Web Push Notification with Firebase Cloud Messaging

Introduction

Firebase Cloud Messaging (a.k.a. FCM) is a cross-platform messaging solution. It allows you to implement push notifications without having to think about the Web push protocol.

Since FCM is free to use, it is an effective way to increase user engagement. In this article, I will show you how to use FCM in a web app.

FCM and usage restrictions

FCM uses a number of Web APIs. Specifically, the Window scope requires the following objects to be implemented:

• PushManager
• Notification
• indexedDB
• fetch

In addition, we will also use service workers. These may or may not be supported by some browsers.

The main browsers that are not supported include Safari, iOS Safari, and IE. Please note that FCM is not available in these browsers.
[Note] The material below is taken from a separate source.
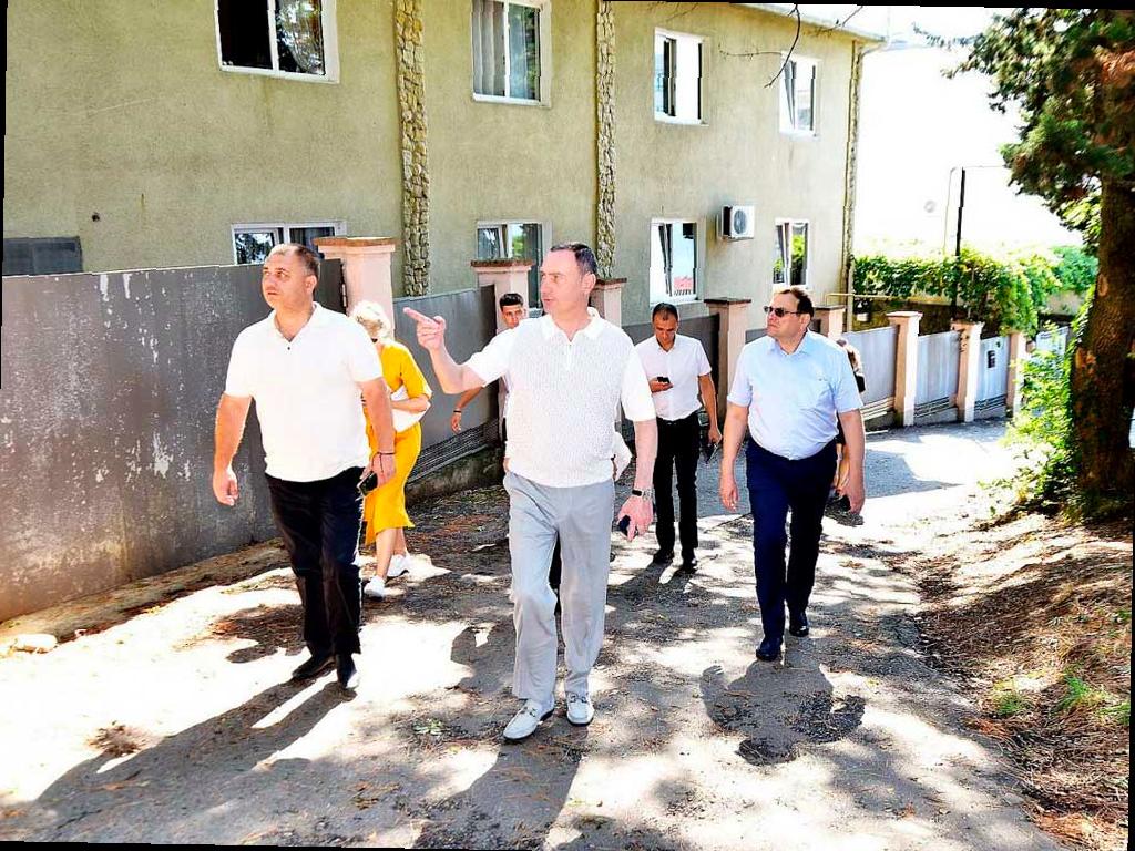 Депутат Законодательного собрания Краснодарского края Виктор Тепляков провел совещание по состоянию дороги в Ряжском переулке. Вместе с ним на место приехали первый замглавы администрации Центрального района Сочи Михаил Харламов и специалисты мэрии города.

In the implementation, there is an isSupported function that verifies if the browser is supported, so it can be used for proper handling.

Push Notification steps

This section briefly explains how push notifications work. Push notifications consist of the following three steps:

1. Subscribing to a user
2. Send push message
3. Push events on user devices

Subscribing a user

The first step is to subscribe the user. This can be described as getting the user's subscription information (device information) for messaging purposes.

The subscription information can be obtained after the user has allowed notifications. The subscription information is then used for messaging, and push messages are sent.

Since the messages are ultimately received by the service worker, the service worker must also be registered.

Sending push messages

To send messages to users, you need to make API calls to the push service. The API calls must conform to the Web push protocol.

And a push service is a queue. The message is queued until the user's browser comes online or the message expires.

Once that is resolved, the message is delivered to the user's device.

By the way, the push service knows the endpoint from the endpoint in the subscription information. Also, the data sent in the push message needs to be encrypted.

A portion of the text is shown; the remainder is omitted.